(Beginning of Input for this task)

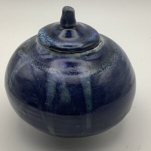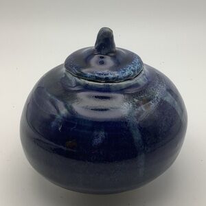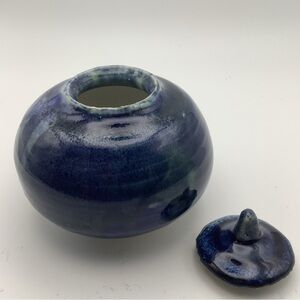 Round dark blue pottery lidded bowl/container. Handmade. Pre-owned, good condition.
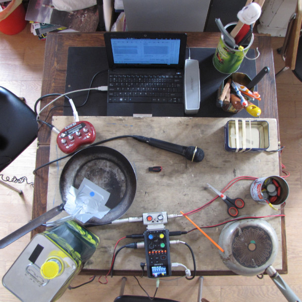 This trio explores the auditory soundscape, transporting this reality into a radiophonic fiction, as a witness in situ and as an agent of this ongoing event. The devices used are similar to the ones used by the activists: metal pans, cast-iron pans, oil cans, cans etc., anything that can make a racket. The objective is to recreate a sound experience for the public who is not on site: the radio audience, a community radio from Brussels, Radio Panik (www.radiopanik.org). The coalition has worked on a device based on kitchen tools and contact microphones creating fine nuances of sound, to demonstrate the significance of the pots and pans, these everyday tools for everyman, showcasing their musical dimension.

(End of Input for this task)
(Beginning of Input for this task)

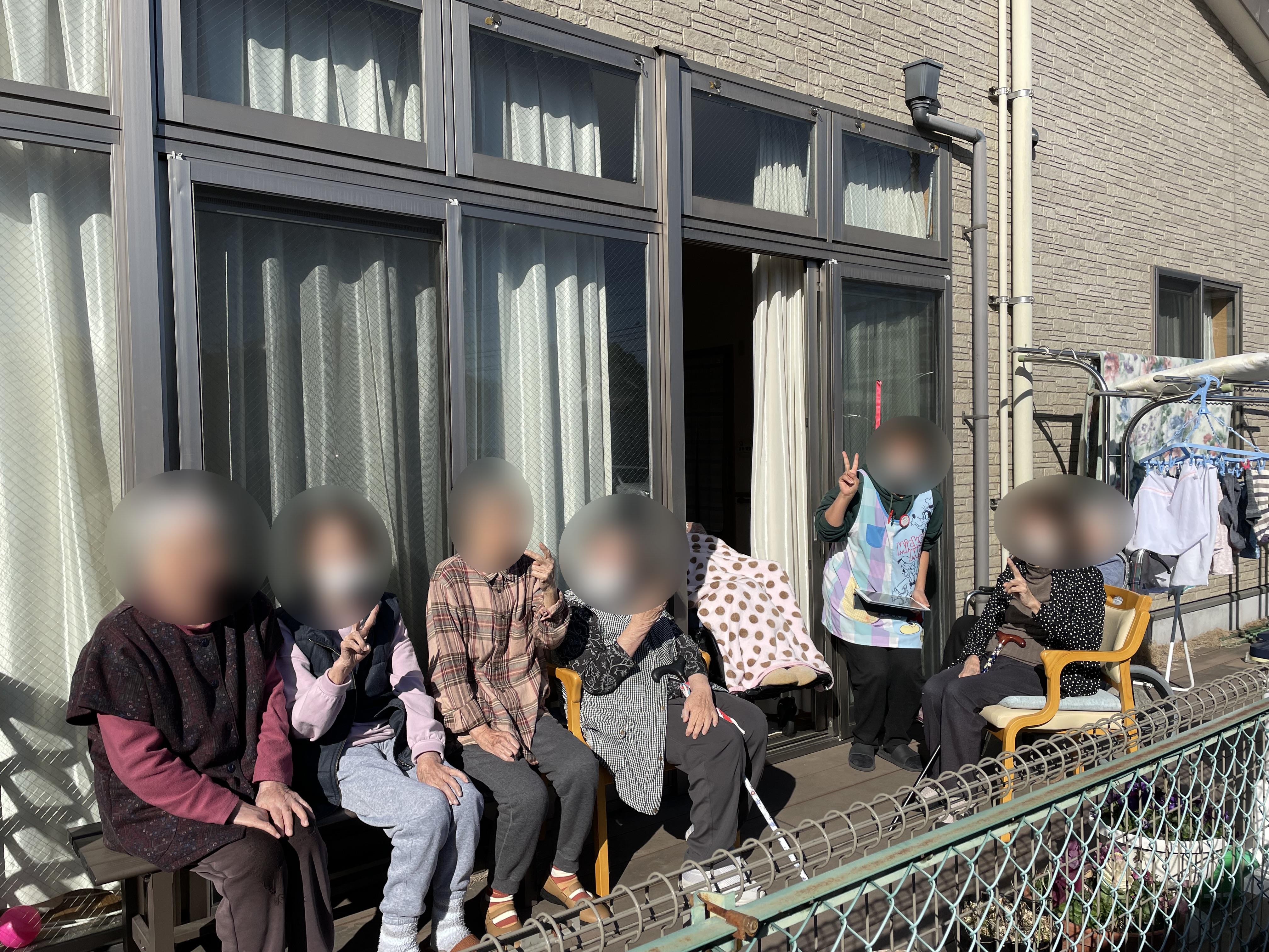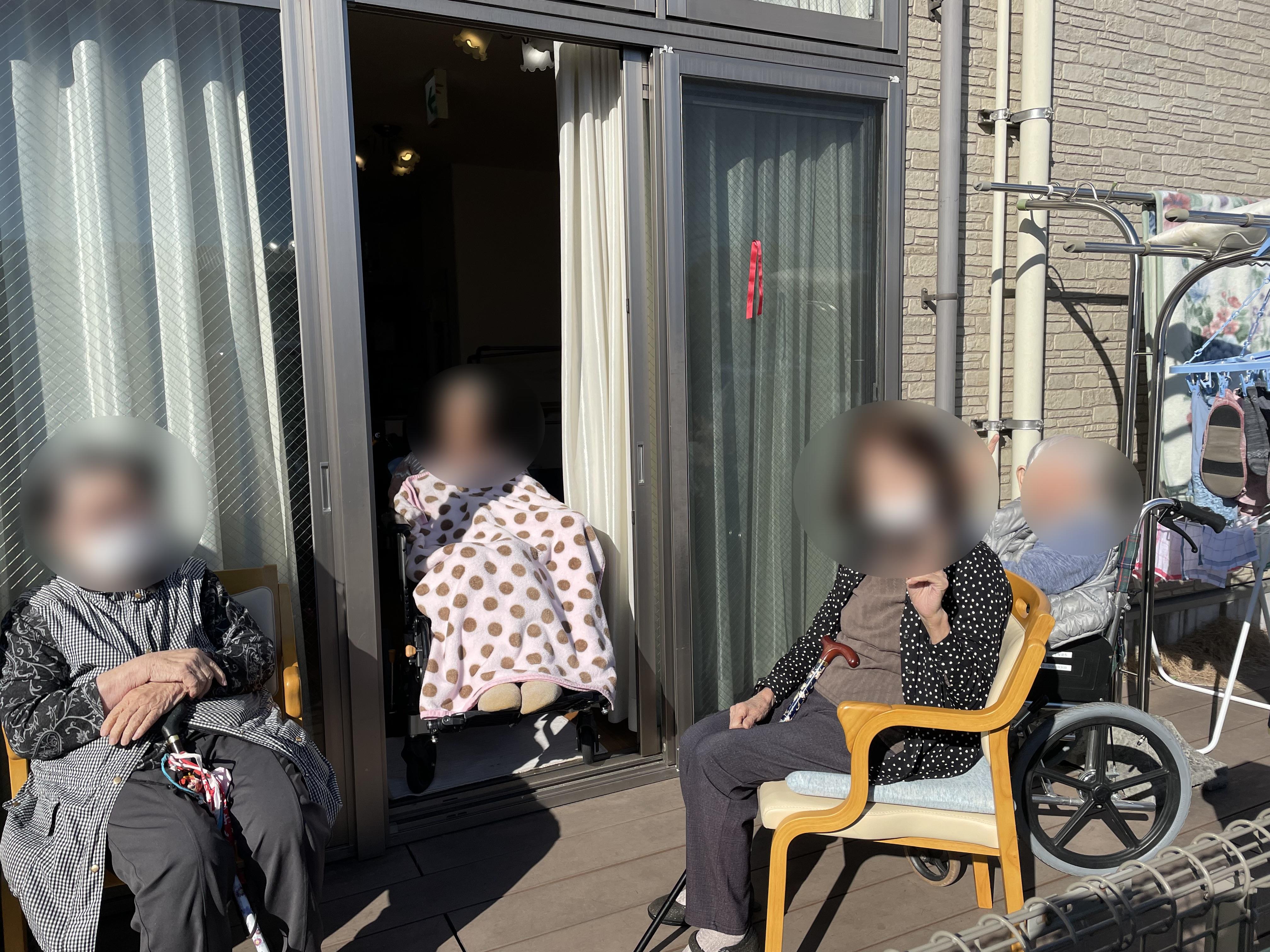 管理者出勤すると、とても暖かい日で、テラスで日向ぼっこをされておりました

(End of Input for this task)

## Work to be completed:
What is needed is an exact copy of only the lines above from the one with "Round dark blue" to the one with "This trio explores", both kept, with every picture left out.

## Answer to the problem:
 Round dark blue pottery lidded bowl/container. Handmade. Pre-owned, good condition.
 This trio explores the auditory soundscape, transporting this reality into a radiophonic fiction, as a witness in situ and as an agent of this ongoing event. The devices used are similar to the ones used by the activists: metal pans, cast-iron pans, oil cans, cans etc., anything that can make a racket. The objective is to recreate a sound experience for the public who is not on site: the radio audience, a community radio from Brussels, Radio Panik (www.radiopanik.org). The coalition has worked on a device based on kitchen tools and contact microphones creating fine nuances of sound, to demonstrate the significance of the pots and pans, these everyday tools for everyman, showcasing their musical dimension.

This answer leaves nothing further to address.